Support Questions
Find answers, ask questions, and share your expertise
Announcements
Alert: Welcome to the Unified Cloudera Community. Former HCC members be sure to read and learn how to activate your account here.

Inserting data from a dataframe to an existing Hive Table- append mode

Highlighted

Inserting data from a dataframe to an existing Hive Table- append mode

New Contributor

Hi Everyone,

 

I have a basic question. While inserting data from a dataframe to an existing Hive Table.

 

I am using like in pySpark, which is always adding new data into table. (works fine as per requirement)

 

df.write.insertInto(table)

 but as per Spark docs, it's mentioned I should use command as 

df.write.mode("append").insertInto("table")

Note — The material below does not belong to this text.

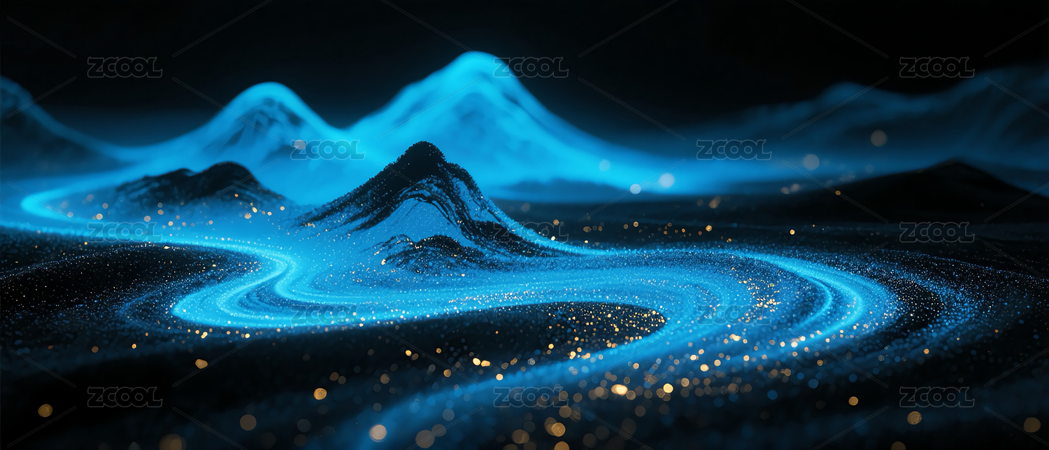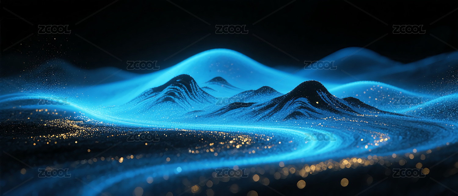 蓝光粒子波浪与山峦
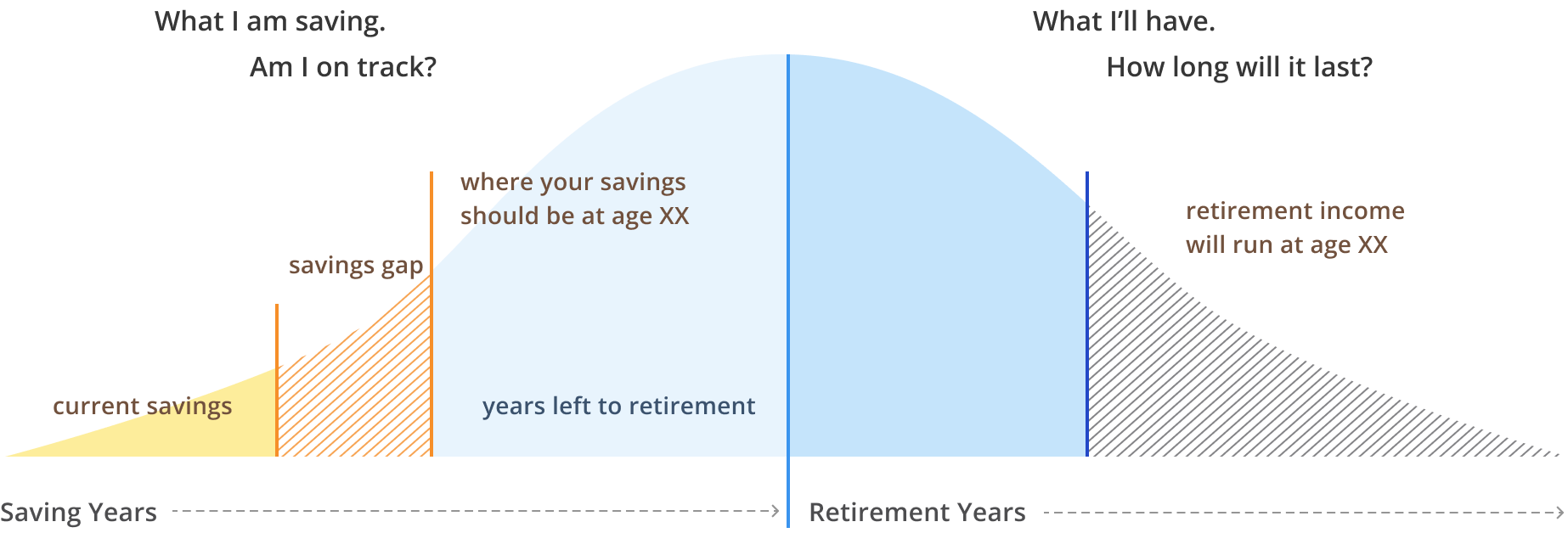 But research revealed something deeper: most users didn't just lack visibility into their gap — they had no frame of reference for what it meant for their future. Seeing a shortfall in dollars wasn't enough. What moved them was understanding the consequence — that without change, their savings would run out. This shifted the design direction from "here is your gap" to "here is your future" — expanding the visualization to trace both accumulation and decumulation, so users could see not just the gap, but exactly when and how their money would run out.

 Is it necessary to use mode("append") ?

3 REPLIES 3

Re: Inserting data from a dataframe to an existing Hive Table- append mode

Champion

@gaurav796

 

The difference is

 

 

insertInto: To overwrite any existing data

 

Mode comes with additional options, like 

 

mode("append"):  Append contents of this DataFrame to existing data
mode("overwrite:): Overwrite existing data.

 

Note: I didn't get a chance to explore this before reply

Re: Inserting data from a dataframe to an existing Hive Table- append mode

New Contributor

Thank you for your response. but when I use only insertInto(table)... it always inserts new data into table.

Without deleting or overwriting anything. Which was strange for me. That's why I asked.

 

May be only using insertInto by default does append ??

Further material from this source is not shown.